The following two figures show the performance comparison of different computation modes across varying particle counts (linear and logarithmic scales):

Performance validation linear scale

Performance validation logarithmic scale

Note: In the figures above, “Build Tree” includes all processes such as bounding box computation and sorting. Compared to traversing trees for gravity or neighbor computation, the time for building the tree can be ignored.

Accuracy and Speedup Validation

I also tested the speedup and error of the Barnes-Hut algorithm relative to brute-force computation with 1 million particles.

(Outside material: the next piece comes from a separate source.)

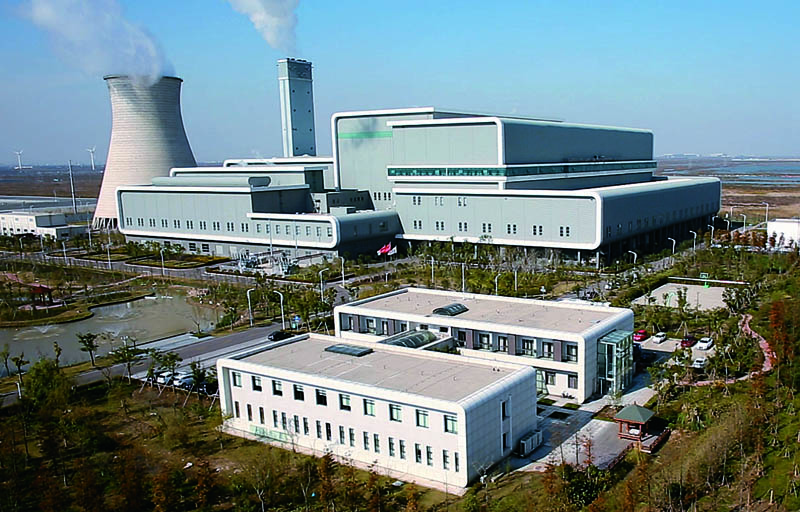 本工程生活垃圾低位热值设计值为7118kJ/kg(1700kcal/kg),垃圾低位热值设计值变化范围为4,606〜9,211kJ/kg(1,100〜2,200kcal/kg)。垃圾焚烧炉引进国外先进的往复式机械炉排炉,单台焚烧炉处理能力为750t/d,设四台焚烧炉和两台30MW凝汽式汽轮发电机组,为四炉两机配置。烟气净化工艺系统采用“炉内喷尿素水(SNCR)+干法(消石灰)+活性炭吸附+袋式除尘器+湿法(NaOH溶液)+烟气再热”工艺,烟气排放满足欧盟2000标准。

Note that the errors here are relative errors.

Performance and accuracy comparison across different $\theta$ parameters:

$\theta$	Computation Time (ms)	Max Relative Error	Avg Relative Error	Speedup
0.1	181.877	0.00219153	3.27768e-05	7.42231x
0.2	39.5222	0.00502609	6.86399e-05	34.1566x
0.3	14.9356	0.0214612	0.00015996	90.3847x
0.4	8.75622	0.0335255	0.00028779	154.17x
0.5	5.88032	0.0711218	0.00053247	229.57x
0.6	4.20147	0.0565245	0.000783245	321.303x
0.7	3.52717	0.106591	0.00153542	382.728x
0.8	3.21018	0.170889	0.002965	420.521x

Accuracy validation figure:

Accuracy validation

Conclusion: As $\theta$ increases, computational accuracy decreases (error increases), but computational speed significantly improves. At $\theta = 0.5$, we can achieve a 200x speedup while maintaining approximately 7% maximum relative error, making it a relatively ideal balance point.

References

[1] Barnes J, Hut P. A hierarchical O (N log N) force-calculation algorithm. nature. 1986 Dec 4;324(6096):446-9.

[2] Burtscher M, Pingali K. An efficient CUDA implementation of the tree-based barnes hut n-body algorithm. In GPU computing Gems Emerald edition 2011 Jan 1 (pp. 75-92). Morgan Kaufmann.